- _YOUR TASK_: Copy out each line below verbatim, skipping any picture.

===== INFORMATION SUPPLIED

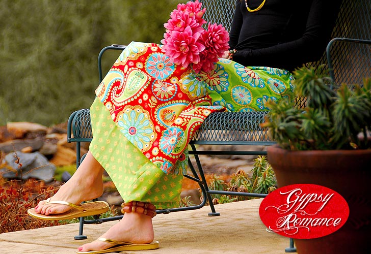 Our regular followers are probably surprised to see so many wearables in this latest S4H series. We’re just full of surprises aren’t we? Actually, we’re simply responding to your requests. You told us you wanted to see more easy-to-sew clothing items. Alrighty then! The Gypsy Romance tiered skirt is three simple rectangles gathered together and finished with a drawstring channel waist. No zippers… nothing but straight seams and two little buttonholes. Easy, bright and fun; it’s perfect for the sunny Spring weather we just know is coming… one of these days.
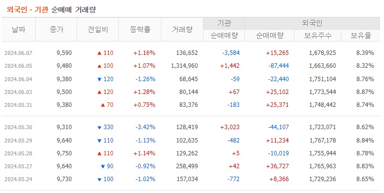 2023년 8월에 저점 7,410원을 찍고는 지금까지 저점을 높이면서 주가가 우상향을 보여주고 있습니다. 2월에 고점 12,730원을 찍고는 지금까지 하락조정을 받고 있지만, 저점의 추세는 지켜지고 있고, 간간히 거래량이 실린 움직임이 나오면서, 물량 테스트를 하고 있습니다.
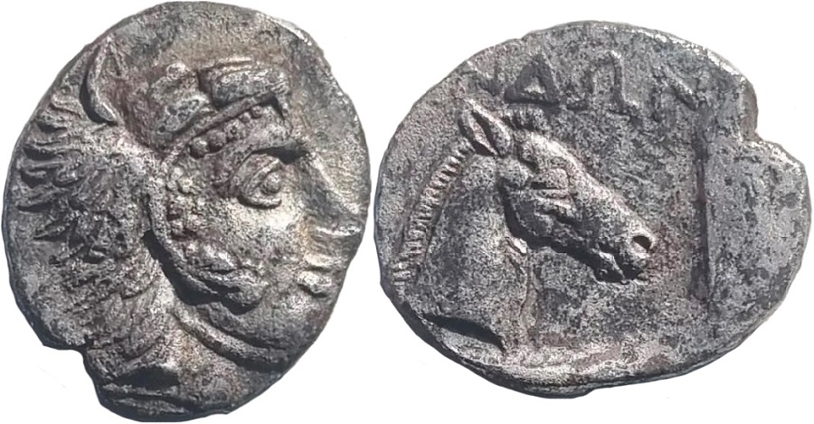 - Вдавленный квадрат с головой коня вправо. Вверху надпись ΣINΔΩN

==========

- _ANSWER TO THIS TASK_:
 Our regular followers are probably surprised to see so many wearables in this latest S4H series. We’re just full of surprises aren’t we? Actually, we’re simply responding to your requests. You told us you wanted to see more easy-to-sew clothing items. Alrighty then! The Gypsy Romance tiered skirt is three simple rectangles gathered together and finished with a drawstring channel waist. No zippers… nothing but straight seams and two little buttonholes. Easy, bright and fun; it’s perfect for the sunny Spring weather we just know is coming… one of these days.
 2023년 8월에 저점 7,410원을 찍고는 지금까지 저점을 높이면서 주가가 우상향을 보여주고 있습니다. 2월에 고점 12,730원을 찍고는 지금까지 하락조정을 받고 있지만, 저점의 추세는 지켜지고 있고, 간간히 거래량이 실린 움직임이 나오면서, 물량 테스트를 하고 있습니다.
 - Вдавленный квадрат с головой коня вправо. Вверху надпись ΣINΔΩN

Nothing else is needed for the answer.